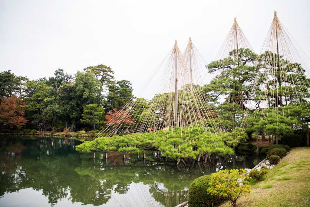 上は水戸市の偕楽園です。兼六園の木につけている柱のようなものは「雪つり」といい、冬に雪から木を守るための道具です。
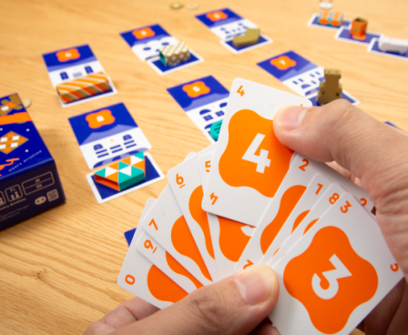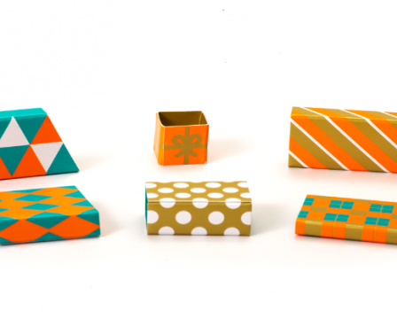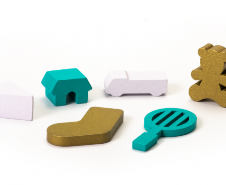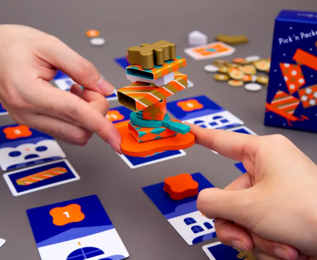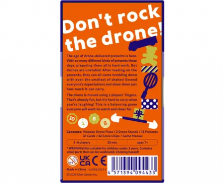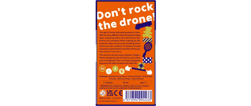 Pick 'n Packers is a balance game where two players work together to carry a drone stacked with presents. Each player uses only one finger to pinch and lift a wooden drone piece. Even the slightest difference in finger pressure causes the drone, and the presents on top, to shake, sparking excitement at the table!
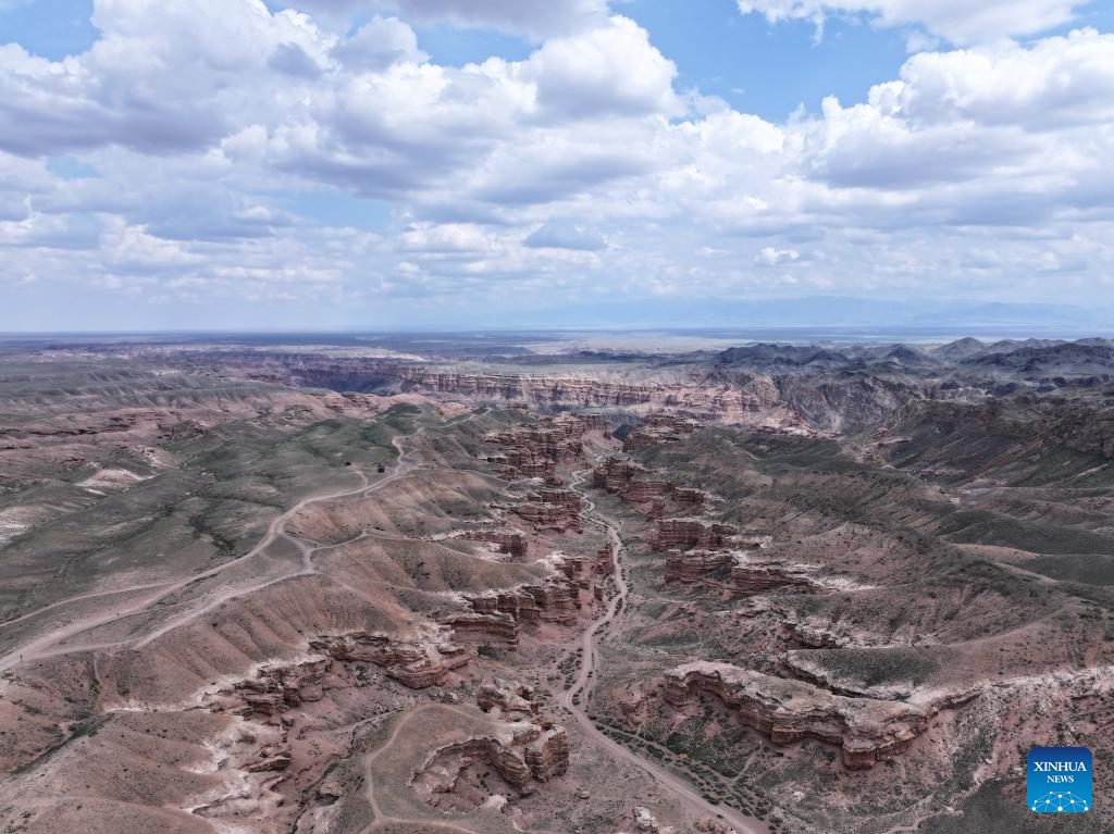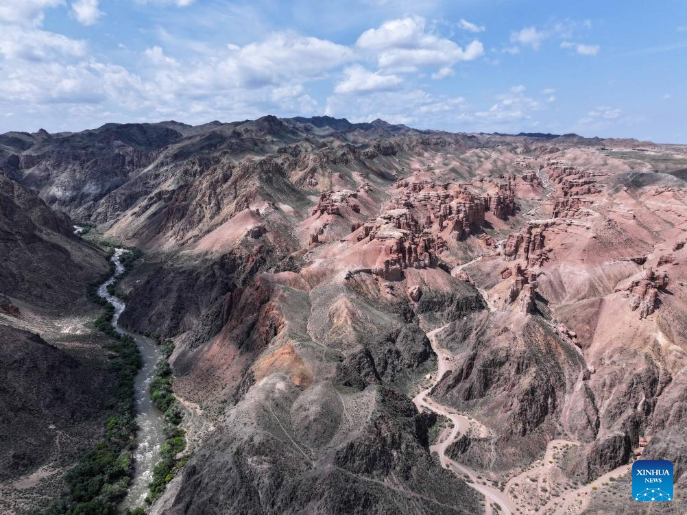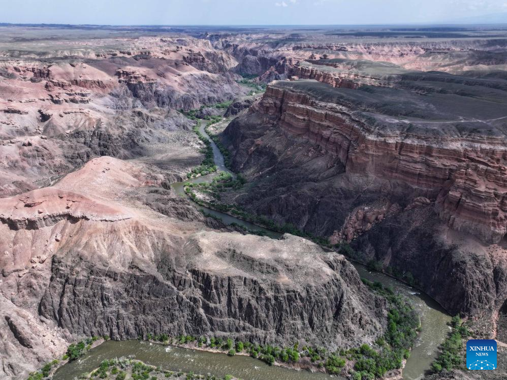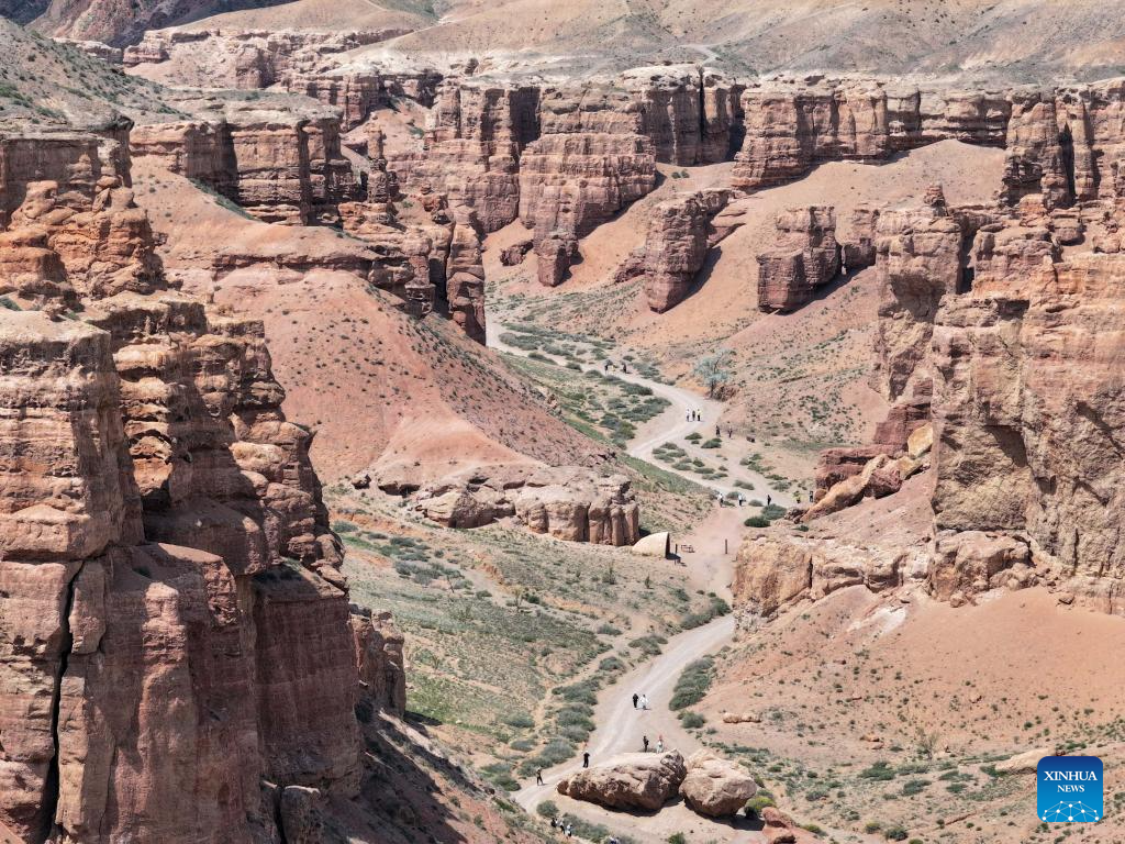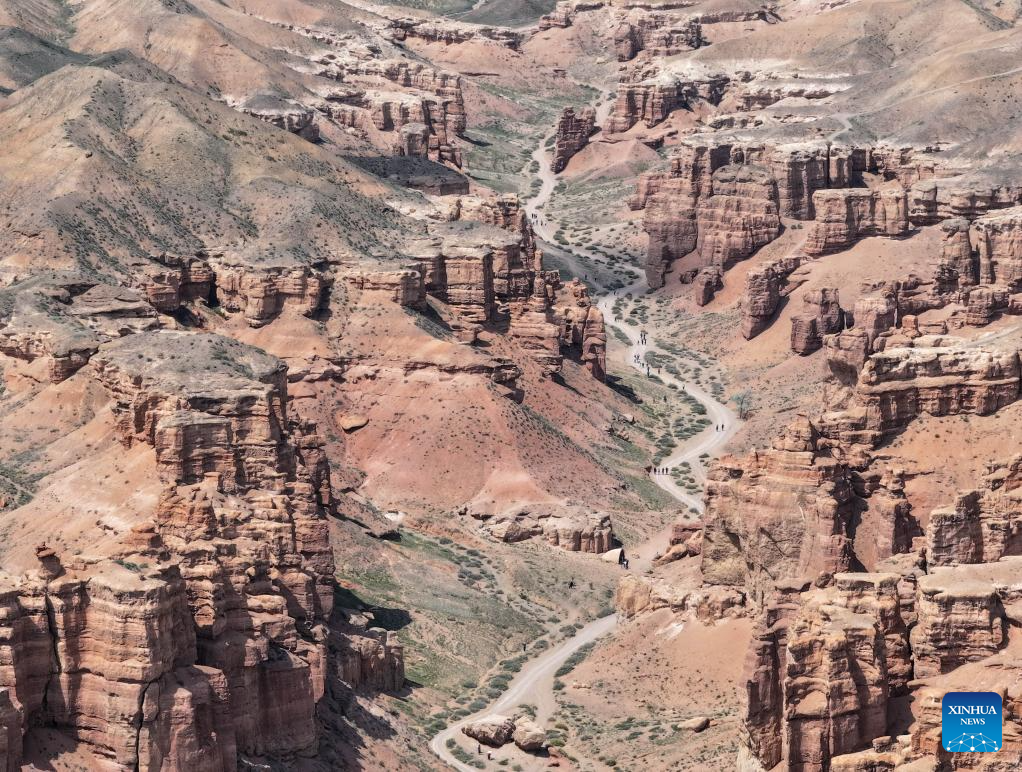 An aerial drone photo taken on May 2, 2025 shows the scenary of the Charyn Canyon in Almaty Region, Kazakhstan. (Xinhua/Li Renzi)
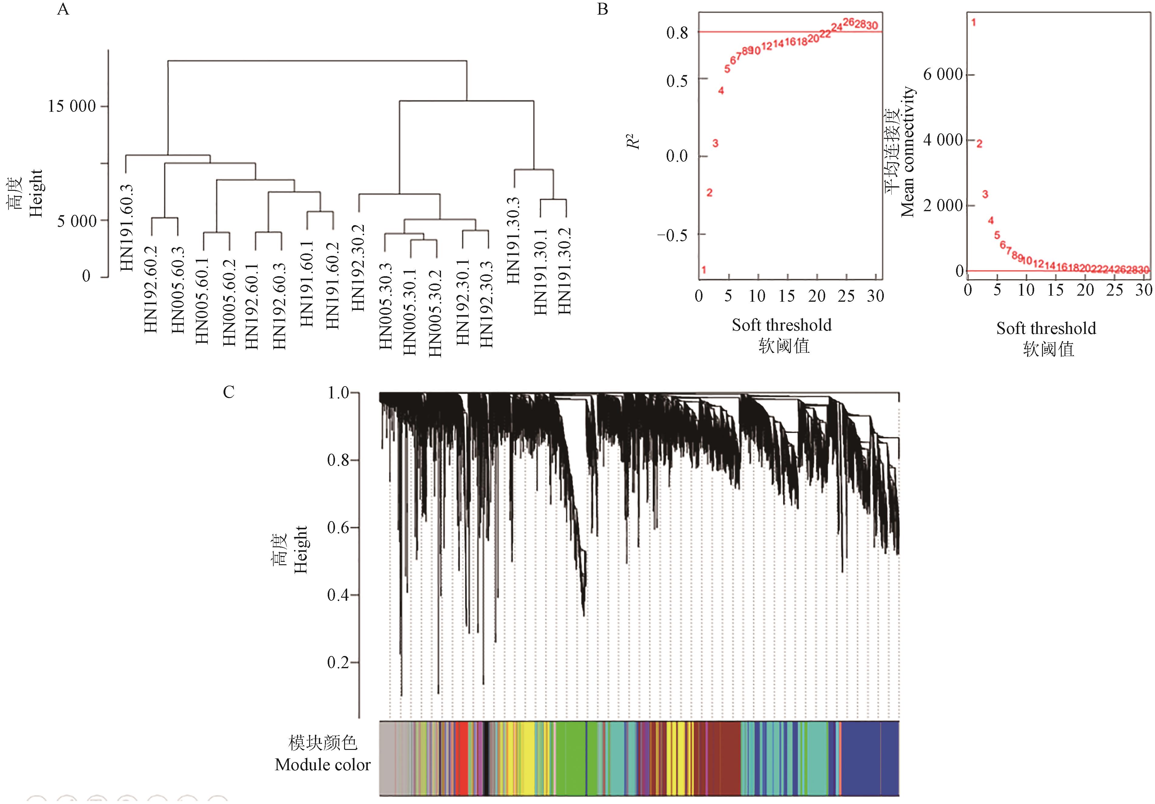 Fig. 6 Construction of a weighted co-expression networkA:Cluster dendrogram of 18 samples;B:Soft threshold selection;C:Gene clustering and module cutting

_WHAT IS REQUIRED_:
Reproduce the whole of the data, word for word, and omit its pictures.

_COMPLETED EXERCISE_:
 上は水戸市の偕楽園です。兼六園の木につけている柱のようなものは「雪つり」といい、冬に雪から木を守るための道具です。
 Pick 'n Packers is a balance game where two players work together to carry a drone stacked with presents. Each player uses only one finger to pinch and lift a wooden drone piece. Even the slightest difference in finger pressure causes the drone, and the presents on top, to shake, sparking excitement at the table!
 An aerial drone photo taken on May 2, 2025 shows the scenary of the Charyn Canyon in Almaty Region, Kazakhstan. (Xinhua/Li Renzi)
 Fig. 6 Construction of a weighted co-expression networkA:Cluster dendrogram of 18 samples;B:Soft threshold selection;C:Gene clustering and module cutting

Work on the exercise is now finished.